Sasha looks like a hero from Gaidar’s tales. Or perhaps not Gaidar’s, but there is something about him that’s positive and attractive. The pressed lips, the modest but penetrating gaze.
A beautiful boy with a terrible fate.
Sasha lives in Lugansk with his grandmother Taisiya. His mother was wounded by a shell fragment in 2014. They managed to put her entrails back together at the hospital, but she died two years later. He hasn’t seen his father for many years but he has not formally abandoned him and is not about to. Therefore Taisiya cannot obtain any child care benefits. She herself was in a hospital not too long ago following a stroke, with two days in intensive care.
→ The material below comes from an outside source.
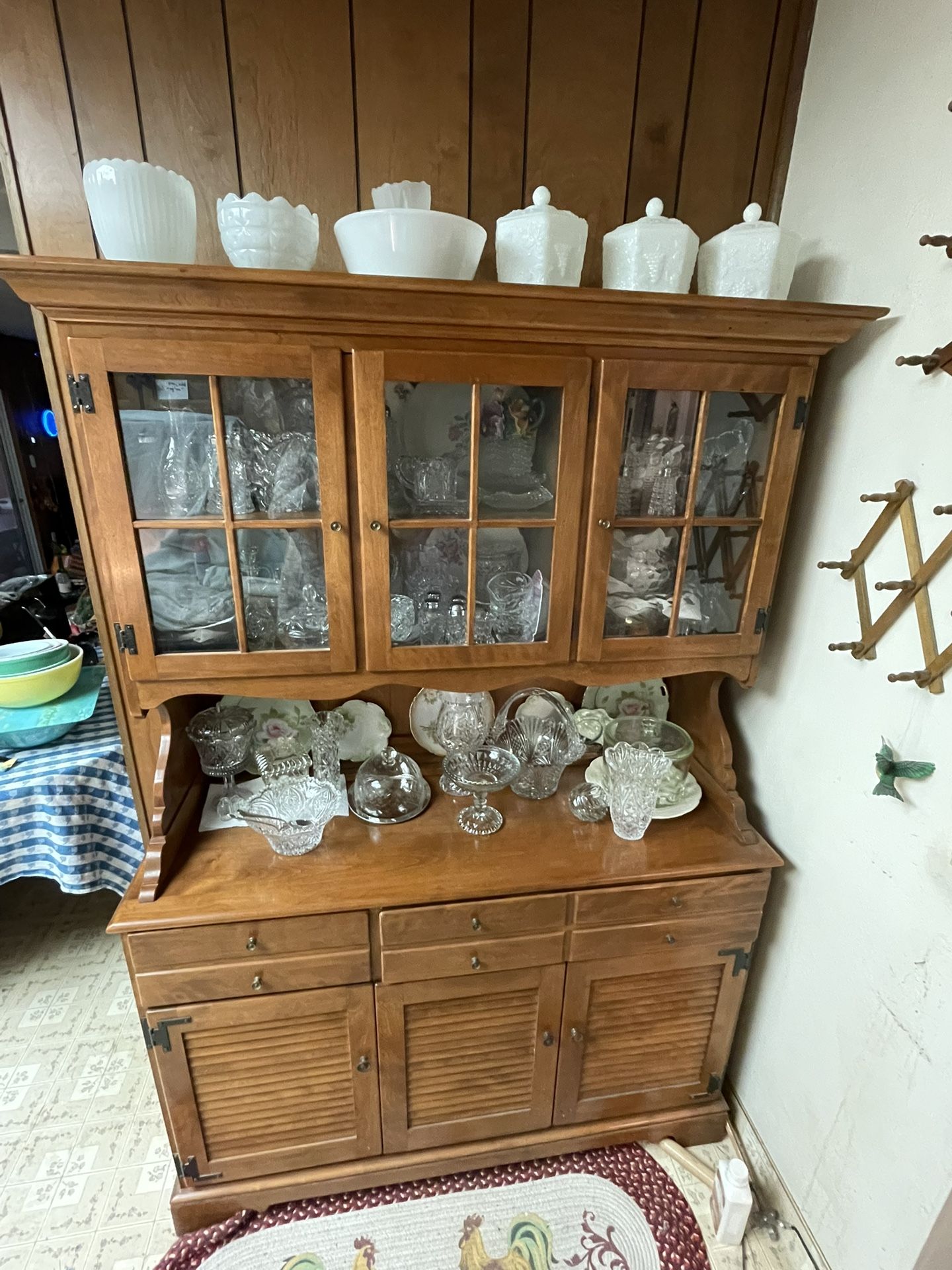 Beautiful Ethan Allen vintage hutch made with solid maple wood. It comes apart into two pieces to make it easier to transport. Outstanding for storing and displaying your favorite dishes or glass pieces. The upper part has one large and one small glassed cupboard with plate groves in the back. The lower part also has a plate drove for displaying favorite plates upright. There is a devided drawer for silverware, candles, etc. The larger drawer is great for table linens. The bottom cupboard opens up all the way across for easy access. There is a half shelf across the entire length for smaller things and a very tall open bottom shelf for taller items. There has only been one owner: it was bought in the early 1970s, and has had excellent care. It would be a beautiful addition to your home for generations to come. Cash only and must be picked up (Adornments not included, just for display.)

Taisiya Pavlovna went to wash floors in the neighboring stairwell. She had no money, the tiny Lugansk pension is not enough, and she also has to feed her grandson who lives with her. Neighbors pay her 400 rubles a month for this work, supplementing her tiny budget.
The day was hot, very much so. The Lugansk heat can be treacherous. This is one of the hottest steppe heats there is. On that day it was 45 degrees Celsius in the shade–or about 120 Fahrenheit. She went home right after washing. She felt fine, only a little uneasy. She laid down in her apartment, closed her eyes, and woke up naked surrounded by whilte walls. And butterflies before her eyes. She spent a day unconscious in intensive care. She was saved by her grandson Sasha. Another hour and she’d have been past saving. But the boy felt something–he came home earlier than usual and found her unconscious.
Anya came under fire during the summer of ’14 when she was on the way to her dacha near Lugansk to dig up some potatoes. She lived in a five-story apartment block and hid in the cellar with broken plumbing during shelling. Shops were closed, there was no electricity or phone service. The city was in isolation. After the city was being “executed” using all manner of Ukrainian artillery, Tanya’s, her son’s Sasha’s, and her mom’s Taisiya Ivanovna’s money and food ran out. They held out as long as they could, it was dangerous to go anywhere. The dacha was about 1km from where “their”–Ukrainian–positions.
August 26 was surprisingly quiet. The woman and her son managed to dig up potatoes before the shelling started. Actually, it wasn’t really shelling, just one shell. Its fragment cut open Anya’s belly and her entrails fell out while her 8 year old son watched. The girl was conscious the whole time. The boy screamed the whole time “please help, they killed mom!”. A guard came running in response. He collected the entrails as best he could, put them back inside, wrapped it all up with plastic, and took to the hospital. She survived and, suffering from extreme pain, she lived for another two years while constantly taking strong pain medications.